After dinner, they broke out the aboriginal wine. The first bottle was yellow in color, very thick, and smelled of sulfur. It tasted like vinegar, mixed with molasses, lemon peel, cream, and match-heads. But, I swear it was good. I guess with such a pleasant description, everyone will run right out and buy a bottle.

Although I sort of liked the wine, I didn’t want to drink too much of it. The sulfur smell really turned me off, and I just couldn’t imagine what a hangover from this stuff would be like. I just pictured the most awful stomach cramps and foul smelling burps and farts, like drinking gasoline.

An invitation to a Chinese wedding also provided me some unique food experiences.
As soon as we arrived,  a greeter came and offered us Binglang, beetle nuts.
“Antonio, you should take some.” Suggested my co-worker, Iching.
“Thanks, no.” I said. “I had beetle nuts for breakfast.”
“You shouldn’t have eaten.” She lectured me. “You knew you were coming to a wedding.”

Glasses of tea were waiting for us at the table. I took one sip, and immediately regretted having come to Taiwan.
“This stuff tastes like it is mixed with peanut oil.” I said.
“You like peanuts?” asked Iching. “This is special tea. Very good.”

“Is this fowl tea something you drink every day, or is it something you only subject yourselves to when someone has the misfortune of marrying?” I asked
“Yes.” Said Iching, predictably. “It is very good.”
I dumped the tea out under the table and asked for 7-Up.

I asked for beer, but instead, another colleague, Teacher Rainbow, poured me a full glass of retched tasting nail-polish remover which passed for liquor.

Downing it in one gulp, I didn’t taste it, so much as feel it singe my eyebrows and permanently scared my esophagus.

“Smooth.” I gasped. “Pour me another.”

“They should just wrap that stuff in a brown paper bag, and lay by the railroad tracks and drink it.” Said Teacher Joe.

Excellent fried prawns were served with a big bowl of soy sauce and wasabi.

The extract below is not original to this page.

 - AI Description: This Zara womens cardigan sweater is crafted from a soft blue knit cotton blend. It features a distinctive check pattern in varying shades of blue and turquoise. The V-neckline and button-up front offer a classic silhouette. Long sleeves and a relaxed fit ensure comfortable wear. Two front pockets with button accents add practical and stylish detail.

I dipped my prawn, but couldn’t get the whole, eight-inch crustacean into the sauce. So, I ate the half that had sauce on it, and then dipped the other half.
“Joe,” I whispered, to my colleague. “Don’t tell anyone that I double dipped.”
“Don’t worry about it, dude. They’re all going to start picking their noses in a minute anyway.”

The waitress brought us a pot with a whole chicken served in broth.

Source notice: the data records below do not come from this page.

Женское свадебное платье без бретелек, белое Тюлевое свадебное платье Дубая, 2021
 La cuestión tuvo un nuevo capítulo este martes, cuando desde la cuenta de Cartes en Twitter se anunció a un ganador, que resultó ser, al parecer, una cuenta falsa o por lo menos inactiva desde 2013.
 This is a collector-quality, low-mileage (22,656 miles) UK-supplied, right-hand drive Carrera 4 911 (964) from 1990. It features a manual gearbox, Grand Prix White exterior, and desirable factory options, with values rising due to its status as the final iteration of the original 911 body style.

“What the hell is wrong with that chicken?” I asked, referencing the weird purple color.
“This is black chicken.” I Ching told me.
“Did they inject it with die, or is it just festering?” I asked.

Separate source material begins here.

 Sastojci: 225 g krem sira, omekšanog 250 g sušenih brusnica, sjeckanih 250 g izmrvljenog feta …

It really looked frightening.

“These chickens are naturally black.” She said. “They are very expensive.”

I had eaten the squid, the whole fish, and everything else that had come to the table, but this chicken scared me.  I was actually a little revolted watching the women tear into it, as if they hadn’t already eaten ten courses.
“Antonio, why you no eat chicken?” Asked I Ching.
“I am afraid it has evil spirits in it.” I said.

The table was already cluttered with dishes, and the waitress was bringing more food.

“Antonio,” Said I Ching, annoyed. “You must take away the food.”
“What?” I asked, confused.
“You know, in a doggie bag. You must take it away, so that the waitress can bring the next course.”
“Doggie bag? Now I know you are putting me on.” I said.
“No I’m not.” Said I Ching. “What do you think this is?” She said, taking the beautifully decorated box, from the top of my place setting. I had just assumed that it was my wedding favor. She really surprised me, when she opened the box, and inside there were both foil bags and plastic bags.

“You see. You are a guest. So, you must pack up all the food, and take it home.”

At that point, I had eaten and drunk so much, that I couldn’t imagine ever being hungry again. After much protesting, I declined the honor of taking food home. I Ching went to the waitress, and made some uncharacteristic appeal to have the food taken away. Later, I saw that they had put all the unclaimed food on a common table, and families were there filling up their bags unashamed. As much as this practice surprised me, it did make more sense than throwing it all away.

After that, the waitress brought a plate of fruit, and a plate of individually wrapped, red-bean ice cream hamburgers.